→ Exercise data
:::

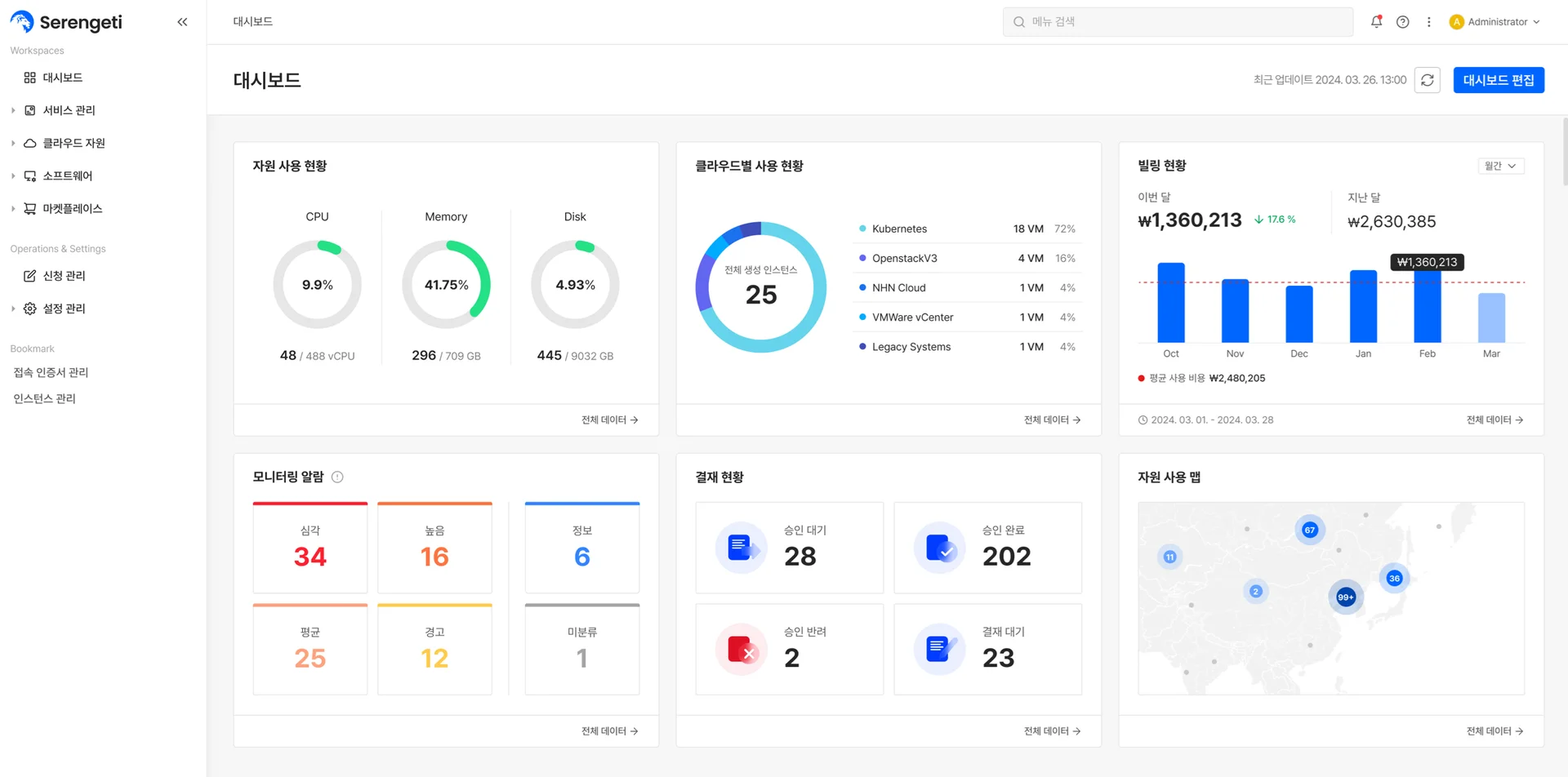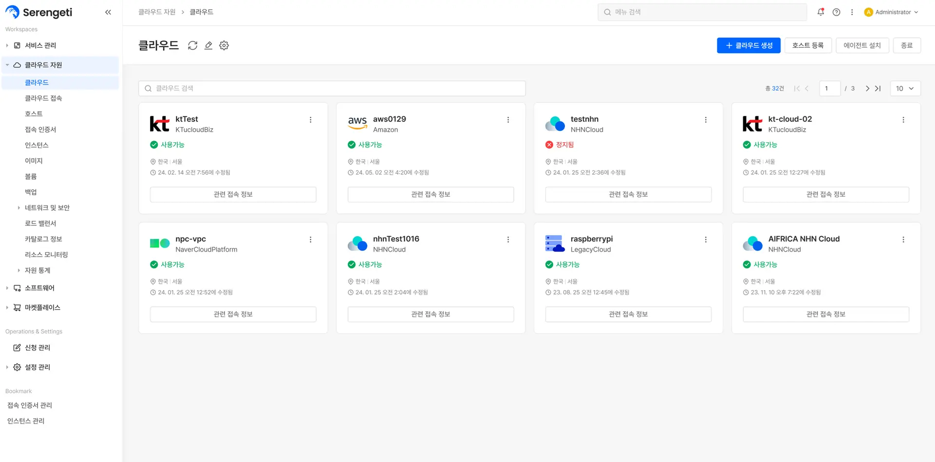 운영자는 클라우드별 정책이나 구조 차이에 얽매이지 않고, 하나의 통합된 시각에서 리소스를 관리하며 장애 대응과 확장 전략을 유연하게 수행할 수 있습니다. 결국 세렝게티 CMP는 복잡한 멀티 클라우드 환경을 단순하고 안정적인 구조로 전환시켜, 기업이 운영 효율성과 안정성, 그리고 확장 가능성을 동시에 확보하도록 돕는 플랫폼입니다.
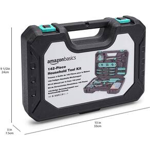 Kit de ferramentas domésticas Amazon Basics com estojo de armazenamento, 142 peças, turquesa, 13,39 x 9,25 x 2,95 polegadas
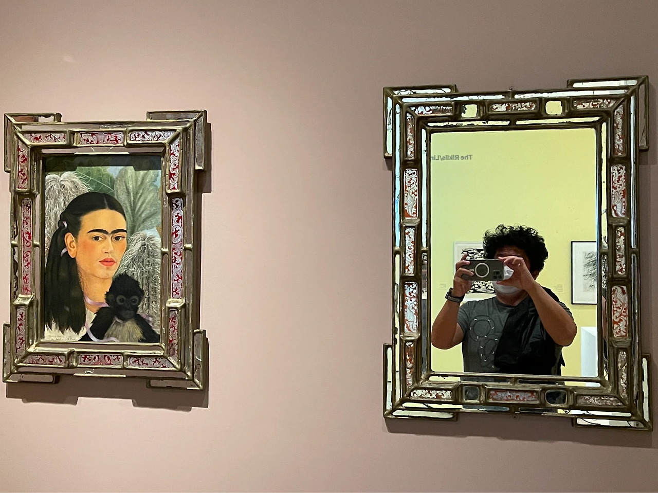 실제 거울을 작품에 넣어, 작품 속 주인공과 관람자의 모습이 하나의 작품으로 표현되게 만든 프리다 칼로의 플랑-창과 나 Fulang-Chang and I, 1937, 프리다 칼로 Frida Kahlo, 뉴욕 현대 미술관 MoMA
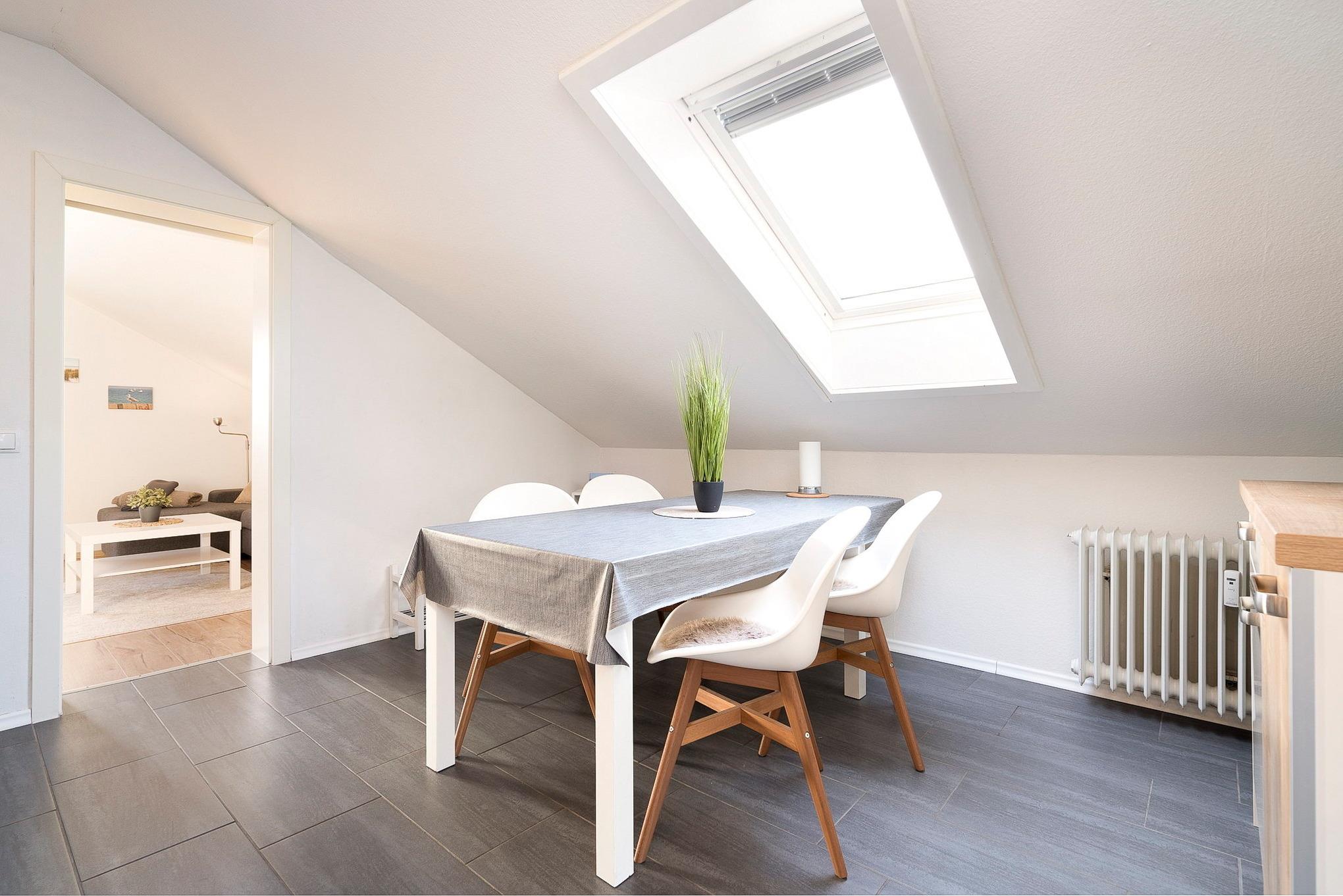 Die Dachgeschosswohnung befindet sich im 1. OG
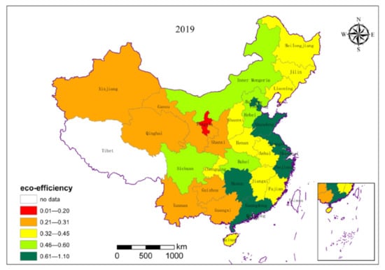 Green development emphasizes not only economic output but also environmental protection, with the core feature to achieve higher economic output with the least resource input and environmental pollution as possible. In the existing literature related to green development, similar concepts involved are eco-efficiency [35,36,37,38], environmental efficiency [39,40], and green economic efficiency [41,42]. On this basis, taking into account the core characteristics of green development of the existing literature, the regional eco-efficiency will be selected as the measure of regional green development. As a nonparametric method, the form of the frontier production function is not needed by data envelopment analysis (DEA) [43], which can effectively deal with multiple inputs and outputs. In addition, the effectiveness has nothing to do with the units of the variables. Therefore, we use the super-efficiency slacks-based measure (SBM) model [44], which is an extended model based on the DEA method combined with the window analysis to measure the comparable eco-efficiency of the 30 provincial administrative regions from 2007 to 2019 in both cross-section and time series, which has been used in Ye et al. [38]. A more detailed understanding of the principle and advantages of this method will be given in Section 3.1.1 and Section 3.1.2.

:::

→ Description of the task
Return exactly the lines of the material above, starting at the line containing "실제 거울을 작품에 넣어, 작품" and finishing at the line containing "Die Dachgeschosswohnung befindet", without any pictures.

→ Answer
 실제 거울을 작품에 넣어, 작품 속 주인공과 관람자의 모습이 하나의 작품으로 표현되게 만든 프리다 칼로의 플랑-창과 나 Fulang-Chang and I, 1937, 프리다 칼로 Frida Kahlo, 뉴욕 현대 미술관 MoMA
 Die Dachgeschosswohnung befindet sich im 1. OG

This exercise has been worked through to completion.